"Speech capture architecture (edge vs backend)"

Speech capture architecture

Principle

Edge / client: microphone, file drops, browser MediaRecorder, mobile native capture.
Backend: STT, refinement, routing, codegen, and HIR validation run where vox-oratio, vox-mcp, and vox-lsp validation can execute (developer machine, CI agent host, or container without requiring a container-attached mic).

Containers should not assume direct microphone device access; bind-mount a workspace directory or use HTTP upload instead.

Surface	Role	Notes
`vox-audio-ingress` binary	HTTP `/api/audio/status`, `/api/audio/transcribe`, `/api/audio/transcribe/upload`	Bind via `VOX_DASH_HOST` / `VOX_DASH_PORT`; workspace root from `VOX_ORATIO_WORKSPACE` or CWD.
MCP `vox_oratio_transcribe`, `vox_oratio_listen`	File-path STT inside MCP workspace	Compatibility path for agents; same Oratio pipeline as CLI.
MCP `vox_speech_to_code`	Orchestration: path or text → `vox_generate_code` (+ optional `emit_trace_path` JSONL)	Shares `session_id` / repair KPI metadata with codegen.
CLI `vox oratio transcribe` / `listen`	File + UX gates	Feature `oratio`.
CLI `vox oratio record-transcribe`	Default mic → temp WAV → transcribe	Feature `oratio-mic` (`cpal` + `hound`).

OpenAPI mirror (Codex HTTP catalog): contracts/codex-api.openapi.yaml under /api/audio/*.

VS Code / Cursor (vox-vscode): Command Palette Vox: Oratio — … (vox.oratio.transcribeFile, vox.oratio.speechToCodeFile, vox.oratio.voiceCaptureTranscribe, vox.oratio.voiceCaptureSpeechToCode), Explorer context menu on audio files (case-insensitive extension match), plus onView:vox-sidebar.chat and onCommand entries for contributed vox.* commands (including Oratio and inline-edit keybindings) so MCP + speech work without *.vox in the workspace. Files already under the workspace use a relative MCP path; outside picks copy to .vox/tmp/. Voice capture encodes mono 16-bit PCM WAV in the webview before the same MCP calls. Alternatively POST audio to vox-audio-ingress when a shared HTTP endpoint is configured.
Browser / web: MediaRecorder (or file upload) → POST /api/audio/transcribe/upload (or finalize to disk and JSON transcribe in trusted environments).
Mobile: native capture → same upload contract; do not require the monorepo Docker image on-device (see mobile-edge-ai.md for inference ownership).

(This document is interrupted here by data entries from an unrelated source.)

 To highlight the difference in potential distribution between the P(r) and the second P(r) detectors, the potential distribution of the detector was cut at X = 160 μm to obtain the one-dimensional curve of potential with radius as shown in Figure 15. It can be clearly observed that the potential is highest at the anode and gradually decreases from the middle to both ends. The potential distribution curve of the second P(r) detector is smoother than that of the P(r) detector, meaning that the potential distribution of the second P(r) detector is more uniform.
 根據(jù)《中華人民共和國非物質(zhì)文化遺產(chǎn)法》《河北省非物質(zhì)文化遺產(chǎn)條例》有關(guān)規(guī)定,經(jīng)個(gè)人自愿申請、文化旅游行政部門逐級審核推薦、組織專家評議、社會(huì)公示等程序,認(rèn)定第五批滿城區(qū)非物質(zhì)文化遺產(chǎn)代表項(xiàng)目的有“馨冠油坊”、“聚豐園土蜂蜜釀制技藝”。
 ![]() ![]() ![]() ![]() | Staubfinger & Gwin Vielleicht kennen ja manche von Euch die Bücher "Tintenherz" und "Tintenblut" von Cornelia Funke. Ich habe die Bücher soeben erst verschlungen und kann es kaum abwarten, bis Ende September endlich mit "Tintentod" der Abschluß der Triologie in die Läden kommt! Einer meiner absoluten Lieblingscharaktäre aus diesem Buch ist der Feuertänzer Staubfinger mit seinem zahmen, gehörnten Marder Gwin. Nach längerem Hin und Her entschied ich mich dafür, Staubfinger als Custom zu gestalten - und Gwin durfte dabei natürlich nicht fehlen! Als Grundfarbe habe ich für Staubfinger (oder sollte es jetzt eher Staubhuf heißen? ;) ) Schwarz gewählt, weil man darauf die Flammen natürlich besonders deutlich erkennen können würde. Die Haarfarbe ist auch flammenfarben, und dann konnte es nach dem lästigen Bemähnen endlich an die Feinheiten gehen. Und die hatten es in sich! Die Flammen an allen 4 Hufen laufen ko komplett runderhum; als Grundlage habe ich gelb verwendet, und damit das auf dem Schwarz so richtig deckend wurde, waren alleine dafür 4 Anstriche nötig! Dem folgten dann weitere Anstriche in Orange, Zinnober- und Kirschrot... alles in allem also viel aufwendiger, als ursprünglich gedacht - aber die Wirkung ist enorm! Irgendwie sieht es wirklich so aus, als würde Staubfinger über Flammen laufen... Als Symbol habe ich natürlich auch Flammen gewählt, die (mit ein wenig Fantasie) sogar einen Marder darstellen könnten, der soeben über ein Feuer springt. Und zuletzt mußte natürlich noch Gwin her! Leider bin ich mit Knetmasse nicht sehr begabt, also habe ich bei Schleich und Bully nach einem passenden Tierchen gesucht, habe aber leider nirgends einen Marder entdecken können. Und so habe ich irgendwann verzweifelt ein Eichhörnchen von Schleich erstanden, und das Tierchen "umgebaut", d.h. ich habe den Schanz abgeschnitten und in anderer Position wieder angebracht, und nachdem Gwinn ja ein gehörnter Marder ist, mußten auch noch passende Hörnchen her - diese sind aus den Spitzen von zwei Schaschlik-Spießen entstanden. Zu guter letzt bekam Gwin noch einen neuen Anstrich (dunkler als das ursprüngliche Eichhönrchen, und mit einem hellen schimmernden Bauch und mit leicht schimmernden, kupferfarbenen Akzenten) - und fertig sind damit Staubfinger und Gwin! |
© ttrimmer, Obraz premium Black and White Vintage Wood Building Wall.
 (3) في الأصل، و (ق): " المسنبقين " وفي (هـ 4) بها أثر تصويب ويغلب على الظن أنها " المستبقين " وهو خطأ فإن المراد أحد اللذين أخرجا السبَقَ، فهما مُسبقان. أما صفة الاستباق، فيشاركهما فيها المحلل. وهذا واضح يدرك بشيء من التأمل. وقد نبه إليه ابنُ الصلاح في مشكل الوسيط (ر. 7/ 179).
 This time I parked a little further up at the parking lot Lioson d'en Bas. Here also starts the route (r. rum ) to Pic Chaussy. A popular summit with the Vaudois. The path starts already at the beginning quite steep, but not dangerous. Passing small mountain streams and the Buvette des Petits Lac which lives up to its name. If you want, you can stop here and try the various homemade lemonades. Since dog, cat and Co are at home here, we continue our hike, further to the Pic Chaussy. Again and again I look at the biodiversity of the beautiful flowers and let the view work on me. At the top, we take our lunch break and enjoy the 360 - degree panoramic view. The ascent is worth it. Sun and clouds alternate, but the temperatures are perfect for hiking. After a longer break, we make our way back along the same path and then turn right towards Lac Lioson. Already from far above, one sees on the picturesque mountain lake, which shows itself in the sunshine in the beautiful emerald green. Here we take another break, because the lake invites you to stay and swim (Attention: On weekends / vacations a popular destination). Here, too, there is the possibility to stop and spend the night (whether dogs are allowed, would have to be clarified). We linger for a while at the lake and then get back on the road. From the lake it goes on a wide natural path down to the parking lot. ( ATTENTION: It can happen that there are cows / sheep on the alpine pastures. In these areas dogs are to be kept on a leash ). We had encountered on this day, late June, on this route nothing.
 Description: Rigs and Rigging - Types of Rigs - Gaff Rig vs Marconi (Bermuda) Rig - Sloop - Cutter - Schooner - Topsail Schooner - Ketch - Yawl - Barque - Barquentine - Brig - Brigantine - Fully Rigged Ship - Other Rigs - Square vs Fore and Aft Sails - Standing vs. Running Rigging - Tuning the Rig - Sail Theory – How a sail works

Generate correlation IDs with vox_oratio::trace::new_correlation_id() and pass session_id through MCP for chat/model affinity.
Optional emit_trace_path on vox_speech_to_code appends one JSON object per call; fields align with contracts/speech-to-code/speech_trace.schema.json (plus codegen_meta for tooling).